(HOW TO COMPLETE THIS TASK):
Copy nothing but the lines below running from the line containing "Special Midnight Edition" through the line containing "Beach Sprints - US Rowing National Team", both end lines included.

(DATASET EXCERPTS):
↓↓↓
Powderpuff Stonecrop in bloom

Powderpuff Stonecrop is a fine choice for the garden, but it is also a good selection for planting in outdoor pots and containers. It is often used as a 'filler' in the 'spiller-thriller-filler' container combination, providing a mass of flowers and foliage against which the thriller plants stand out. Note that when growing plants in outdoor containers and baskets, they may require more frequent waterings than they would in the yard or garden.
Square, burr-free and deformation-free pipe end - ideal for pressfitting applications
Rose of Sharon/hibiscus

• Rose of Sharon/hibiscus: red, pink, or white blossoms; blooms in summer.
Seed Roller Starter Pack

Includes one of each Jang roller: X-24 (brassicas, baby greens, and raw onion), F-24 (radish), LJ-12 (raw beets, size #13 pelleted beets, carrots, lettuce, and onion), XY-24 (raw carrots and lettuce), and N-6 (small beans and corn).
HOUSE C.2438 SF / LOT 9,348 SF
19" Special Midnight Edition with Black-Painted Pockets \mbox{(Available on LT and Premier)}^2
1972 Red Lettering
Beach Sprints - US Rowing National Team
↑↑↑
↓↓↓
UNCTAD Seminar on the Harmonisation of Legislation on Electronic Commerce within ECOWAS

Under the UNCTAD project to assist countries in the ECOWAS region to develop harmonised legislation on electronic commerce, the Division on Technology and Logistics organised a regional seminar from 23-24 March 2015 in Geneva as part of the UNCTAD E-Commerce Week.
↑↑↑
(OUTPUT OF THE EXERCISE):
19" Special Midnight Edition with Black-Painted Pockets \mbox{(Available on LT and Premier)}^2
1972 Red Lettering
Beach Sprints - US Rowing National Team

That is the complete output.